As a collective group, the online world appears to have lost all sense of compassion for each other. Where's the sense of solitude or genuine concern we usually show our fellow humankind? It's certainly lacking in the parenting world, because we seem to forget that accidents happen and sometimes you're just at the wrong place at the wrong time and it's actually nobody's fault. There, but for the grace of God, go I.

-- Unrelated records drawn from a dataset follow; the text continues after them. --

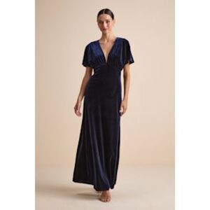 Lulus Women Mystical Charm Velvet Flutter Sleeve Maxi Dress Blue Navy M
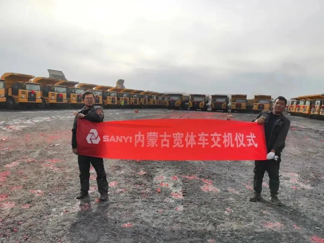 近日,85台好体育综合app下载矿用宽体自卸车批量交付内蒙古一矿区项目,交机仪式上,一台台大家伙整齐列队、环形排开,鞭炮喧天,车笛齐鸣,场面十分震撼。
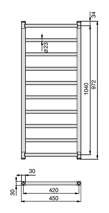 Водяной полотенцесушитель Zehnder Stalox STXI-100-045 предназначен для подогрева и сушки полотенец, а также для обогрева ванных комнат в квартирах, коттеджах, частных домах. Модель оснащена 10 перекладинами для удобного использования. Изделие выполнено из нержавеющей стали, отличающейся прочностью, долговечностью и устойчивостью к перепадам температур. Дополнительные характеристики:
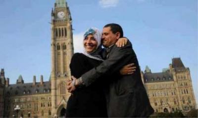 صعدة برس - نشر ناشطون على موقع التواصل الاجتماعي صورة رومانسية تجمع الناشطة اليمنية توكل كرمان مع زوجها في ساحة عامة بالعاصمة البريطانية لندن .
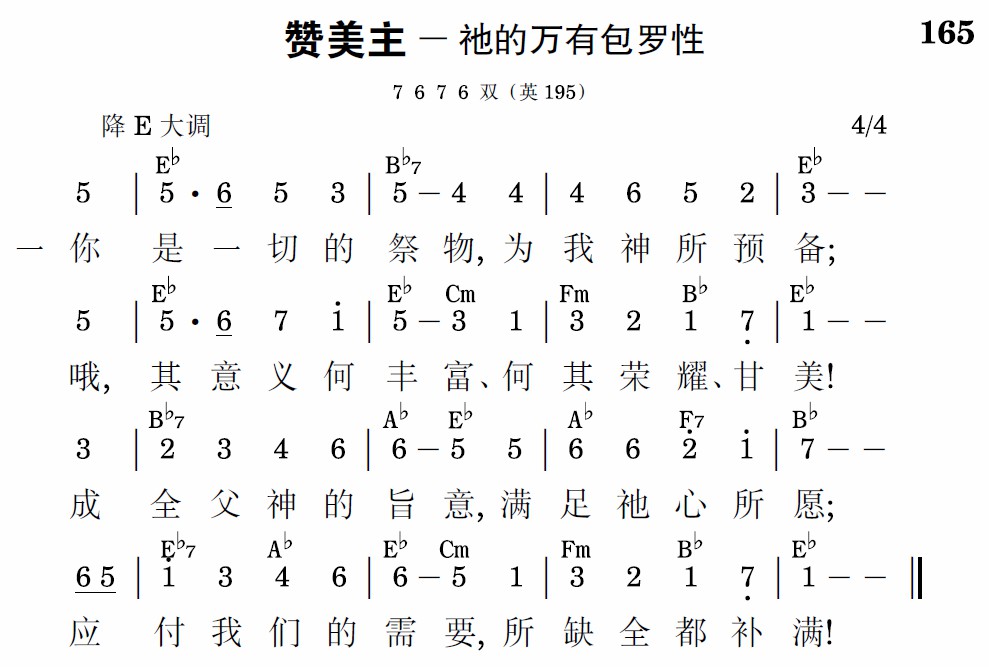 你是一切的祭物,为我神所预备;哦,其意义何丰富、何其荣耀、甘美!成全父神的旨意,满足祂心所愿;应付我们的需要,所缺全都补满!

It's something Jennifer Venditti understands. The mom of three was in the same spot as the Graves family, the same evening, just an hour before. In a Facebook post, Venditti shared photos of her son playing in the same ankle-deep water where the alligator attack would occur later that evening. Like the Graves family, she didn't see anything wrong with her son standing in the shallow water. She wrote, "I can assure you alligators were not on my mind at all when Channing was in the water. It's a tiny beach, surrounded by pools, water slides, a restaurant and a fire pit. I can't conceive that an alligator would be in such a busy, small space." She ended her post with the hashtag: #judgelesspraymore
"I can't help but wonder if we played with him, did I talk to his Mom," Venditti wrote. "How does one go home without your baby in tow? 💔" That's compassion. That's understanding what it's like to be parent who is thanking their lucky stars that they are taking their entire family home from Orlando, FL, when their vacation is over. Because Venditti realizes that, tragically, sh*t happens and you're just lucky it didn't happen to you.
Maybe the positive that can come out of this horrific event is that we can learn stop spewing judgment while hiding behind the anonymity of our computers and we can start remembering that we're all in this together. It really does take a village to raise a child and we need to be that village for each other — not the ones throwing stones at it.